3. Reviewing Party Determinations.
(a) General Rules. Notwithstanding the provisions of Section
2, the obligations of the Company under Section 2(a) shall be subject
to the condition that the Reviewing Party shall not have determined (in
a written opinion, in any case in which the special, independent
counsel referred to in Section 4 hereof is involved) that Indemnitee
would not be permitted to be indemnified under applicable law;
provided, however, that if Indemnitee has commenced legal proceedings
in a court of competent jurisdiction to secure a determination that
Indemnitee should be indemnified under applicable law, any
determination made by the Reviewing Party that Indemnitee would not be
permitted to be indemnified under applicable law shall not be binding
until a final judicial determination is made with respect thereto (as
to which all rights of appeal therefrom have been exhausted or lapsed)
and any such determination by the Reviewing Party shall be modified, to
the extent necessary, to conform to such final judicial determination.

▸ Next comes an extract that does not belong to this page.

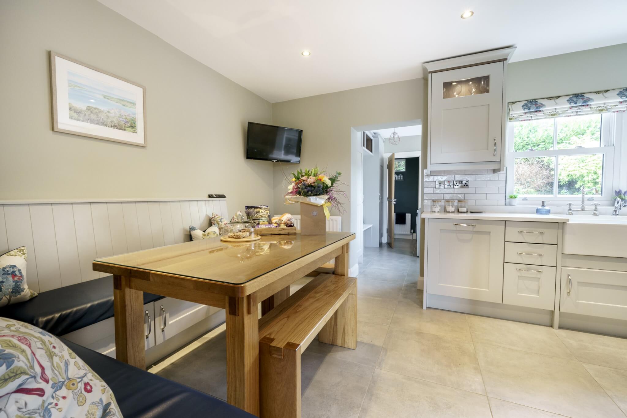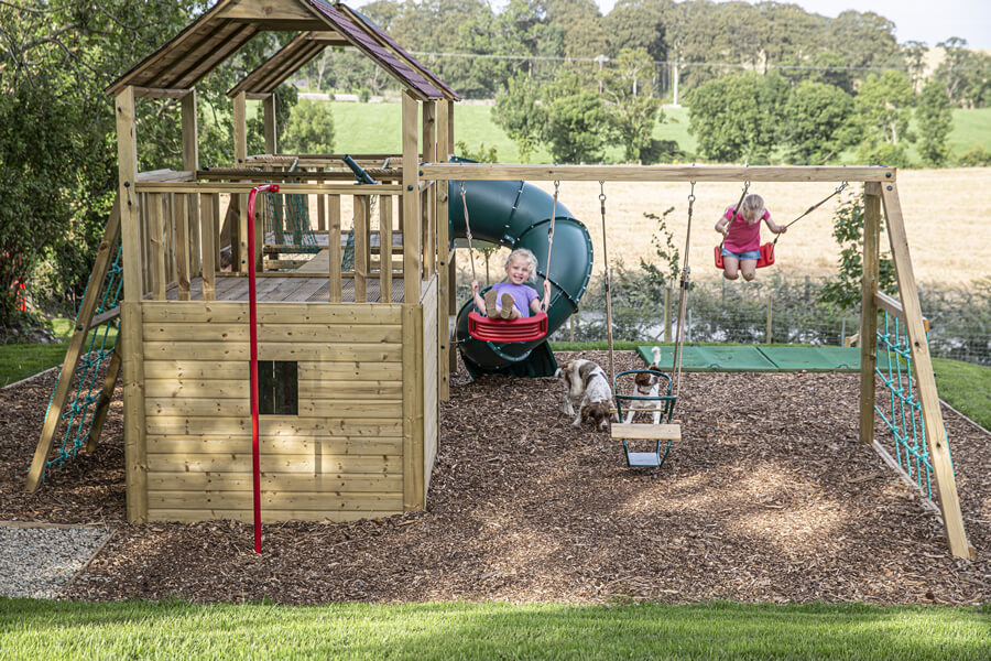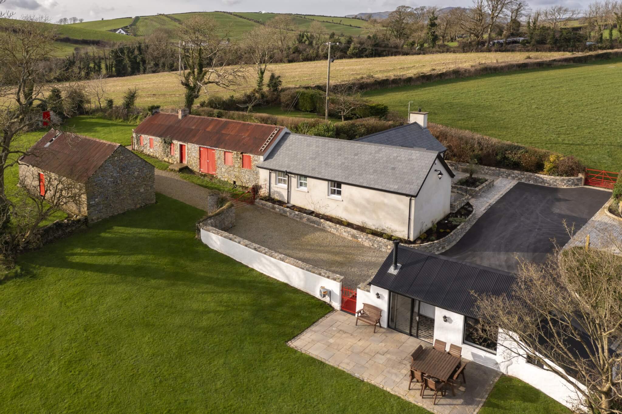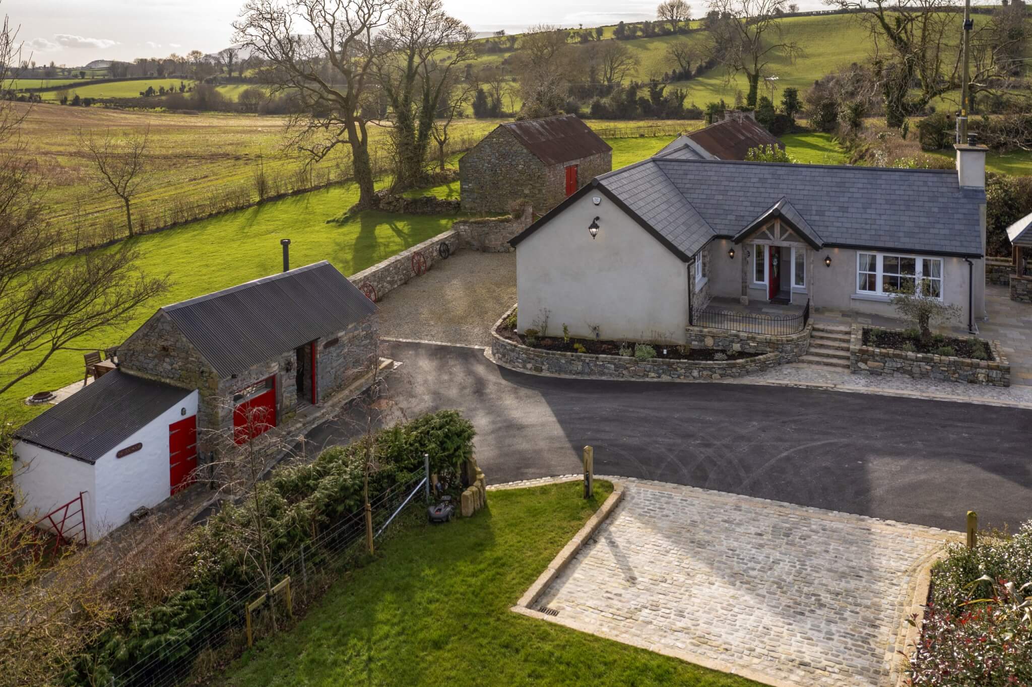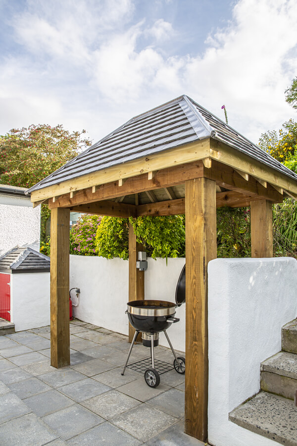The Cottages have been fully refurbished in 2019, and many of the original site features have been sympathetically restored, including the Bakers Hole well. Beautiful granite kerbing entices you along the drive leading up to the fully restored Cottages. An idyllic location where tradition meets modern 5* awarded accommodation. The Bakers Cottages has it’s own private wild flower gardens, sweeping towards the restored well. On the other side of the cottages boasts a covered BBQ area. Then meandering across the gardens and courtyard leads to the hot tub house, with it’s 6 seater tub. This building also offers a cosy sitting area with a wood burning stove, double patio doors lead to an outdoor dining area overlooking the tranquil rolling hills, with the Mourne Mountains in the distant background. The perfect setting to relax and enjoy the sunset. An outdoor play area for the children is located just to the left of this outdoor living space, and the dog building is also here, allowing your whole family to enjoy making memories at The Bakers Cottages.

(b) Selection of Reviewing Party. If there has not been a
Change in Control, the Reviewing Party shall be selected by the Board
of Directors. If there has been such a Change in Control, the Reviewing
Party shall be the special, independent counsel referred to in Section
4 hereof.
(c) Judicial Review. If there has been no determination by the
Reviewing Party or if the Reviewing Party determines that Indemnitee
substantially would not be permitted to be indemnified in whole or in
part under applicable law, Indemnitee shall have the right to commence
litigation in any court in the State of Delaware having subject matter
jurisdiction thereof and in which venue is proper seeking an initial
determination by the court or challenging any such determination by the
Reviewing Party or any aspect thereof, and the Company hereby consents
to service of process and to appear in any such proceeding. Any
determination by the Reviewing Party otherwise shall be conclusive and
binding on the Company and Indemnitee.
(d) Burden of Proof. In connection with any determination by
the Reviewing Party pursuant to Section 3(a), or by a court of
competent jurisdiction pursuant to Section 3(c) or otherwise, as to
whether Indemnitee is entitled to be indemnified hereunder, the burden
of proof shall be on the Company to establish by clear and convincing
evidence that Indemnitee is not so entitled.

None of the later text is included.